Use this file to discover all available pages before exploring further.

Schema evolution is enabled by default (tableEvolveSchemaEnabled=true). When a producer changes the schema of a topic, the lakehouse table is automatically updated to match.
Recommendation: For topics that have Lakehouse integration enabled, set the Pulsar schema compatibility strategy to BACKWARD_TRANSITIVE. This guarantees that every reader (including downstream Iceberg / Delta consumers) can read data written with all previous schema versions, which aligns with how the lakehouse table is evolved. See the Pulsar schema compatibility documentation for details on BACKWARD vs BACKWARD_TRANSITIVE. Apply with pulsar-admin at the namespace or topic level:
# Namespace level
bin/pulsar-admin namespaces set-schema-compatibility-strategy \
  --compatibility BACKWARD_TRANSITIVE \
  <tenant>/<namespace>

# Topic level
bin/pulsar-admin topicPolicies set-schema-compatibility-strategy \
  --strategy BACKWARD_TRANSITIVE \
  <tenant>/<namespace>/<topic-name>

How It Works

Schema evolution is triggered automatically during the compaction process when the compaction service encounters messages with a schema version newer than what the lakehouse table currently has.

Step 1: Detection

When processing messages, the compaction service extracts the schema version from each message. If the version is newer than the latest version recorded in the table’s schema mapping, evolution is triggered.
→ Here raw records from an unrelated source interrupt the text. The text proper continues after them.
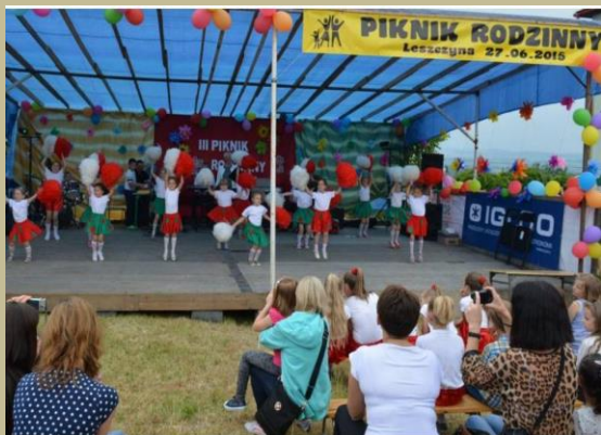
Piknik Rodzinny w Gminie Trzciana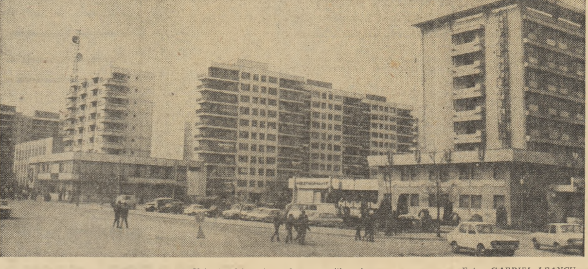
Slobozia își conturează un profil modern

Cel mai mare Combinatului de producție a lemnului din Drobeta Turnu-Severin a produs în plus de la începutul anului 254 me chereștea, 539 mp furnire estetice, 91 000 mp placaj și 103 tone plăci fibrolemnose, alte sortimente care au permis să se realizeze suplimentar mobilă în valoare de peste o jumătate de milion lei. Dealtfel, această unitate și-a îndeplinit integral sarcinile de plan venite de la începutul anului la principalii indicatori economici și a depășit producția marcată cu peste 2 milioane de lei.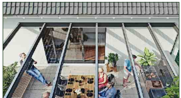
STEGPLATTEN FÜR TERRASSENDÄCHER UND WINTERGÄRTEN

Fassadenfarben setzen markante Akzente und bieten oft weitere Funktionen, wie den Schutz vor dem Ausbleichen oder Aufheizen der Fassade durch die Sonne.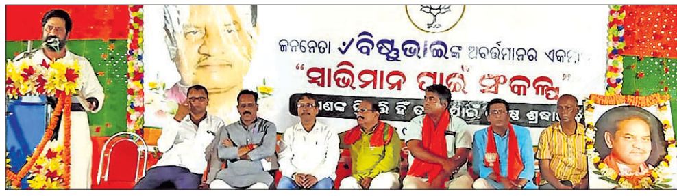
ଧାମନଗର ବିଜୁ ପଟ୍ଟନାୟକ ଛକଠାରେ ଆୟୋଜିତ ସଭା ।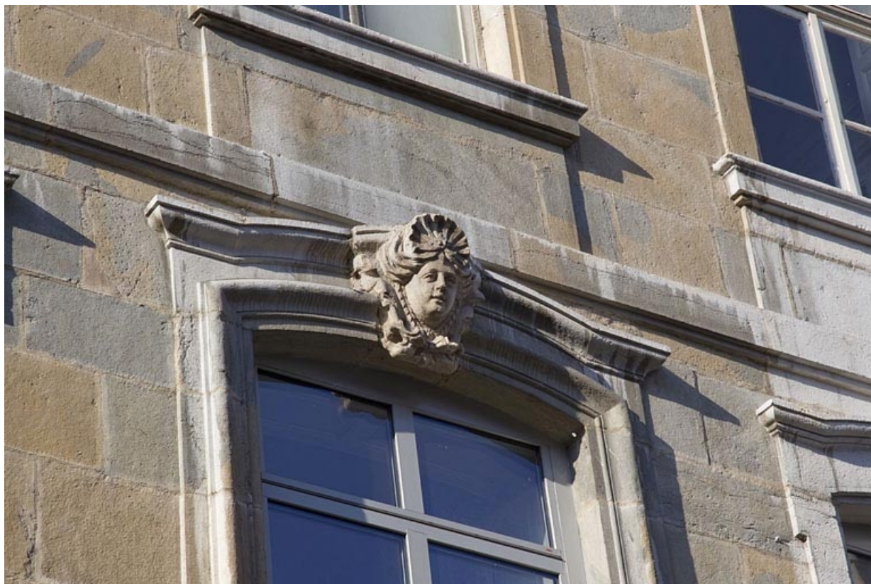
Façade extérieure, rue du lycée, porte-fenêtre du premier étage : détail de la clé décorée d'une tête féminine. 25, Besançon, 6 rue du Lycée, lieudit : îlot Saint-Jacques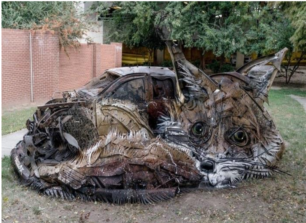
Fox , Arkansas, Bordalo II, 2016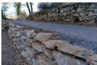
Chemin de la Pommière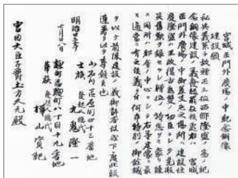
宮城正門外2贈正三位西郷隆盛銅像建設の件に付宮内大臣より指令の件 明治25年

Step 2: Retrieve All Schema Versions

The compaction service retrieves all schema versions from the schema registry (Pulsar or Confluent) up to the current version. This ensures that intermediate schema versions are not skipped.

Step 3: Convert Schemas

Each source schema (Avro, JSON, ProtobufNative(Pulsar) or Protobuf(Kafka)) is converted to the target table format:
  • Avro is converted directly to Iceberg Schema or Delta StructType
  • JSON is first converted to Avro, then to the target format (Pulsar internally represents JSON schemas using Avro)
  • ProtobufNative(Pulsar) is converted via the Protobuf descriptor to Avro, then to the target format
  • Protobuf(Kafka) is converted via the Protobuf descriptor to Avro, then to the target format

Step 4: Apply Changes

Schema changes are applied to the table iteratively, version by version in ascending order. Each version is processed as a transaction. For Iceberg tables, the following operations are supported:
  • Add columns — new fields are always added as optional for backward compatibility
  • Delete columns — field is removed from the schema (or made optional in soft-delete mode)
  • Type promotionint to long, float to double, and other compatible promotions
  • Nullability changes — required fields can be made optional (reverse is not supported)
  • Nested struct evolution — the same rules apply recursively to nested fields
For Delta tables:
  • Column Mapping mode (NAME) is automatically enabled to support safe renames and deletes
  • Each column receives a unique physical ID for safe schema evolution
  • Schema changes are committed as Delta transactions

Step 5: Record Schema Mapping

After each successful evolution, a mapping from the source schema version to the table’s internal schema ID is recorded as a table property (streamnative.schema.mapping). This prevents re-processing the same version.

Supported Operations

OperationIcebergDelta
Add optional columnsSupportedSupported
Delete columnsSupportedSupported
Type promotion (int -> long, float -> double)SupportedSupported
Required -> OptionalSupportedSupported
Optional -> RequiredNot supportedNot supported
Nested struct evolutionSupportedSupported
Type category changes (struct <-> list, primitive <-> map)Not supportedNot supported

Limitations

  • Adding required fields: New fields added to existing tables are automatically converted to optional. Required fields can only be defined at table creation time.
  • Type category changes: Changing a field from one type category to another (e.g., struct to list, primitive to map) is not supported.
  • Backward incompatibility: If the table schema has been evolved beyond the message’s schema version, the message cannot be processed. Update the producer to use the latest schema.
  • Soft-delete mode: Enable schema.evolution.soft-delete.enabled=true to make deleted fields optional instead of removing them entirely. This preserves backward compatibility for readers.

Configuration

PropertyDescriptionDefault
tableEvolveSchemaEnabledEnable automatic schema evolutiontrue
schema.evolution.soft-delete.enabledMake deleted fields optional instead of removingfalse
dlt.suffixSuffix appended to Dead Letter Table name_dlt

Dead Letter Table (DLT)

When a message cannot be successfully processed into the lakehouse table, it is routed to a Dead Letter Table (DLT) instead of failing the entire compaction job. This allows the pipeline to continue processing valid messages while preserving failed records for investigation.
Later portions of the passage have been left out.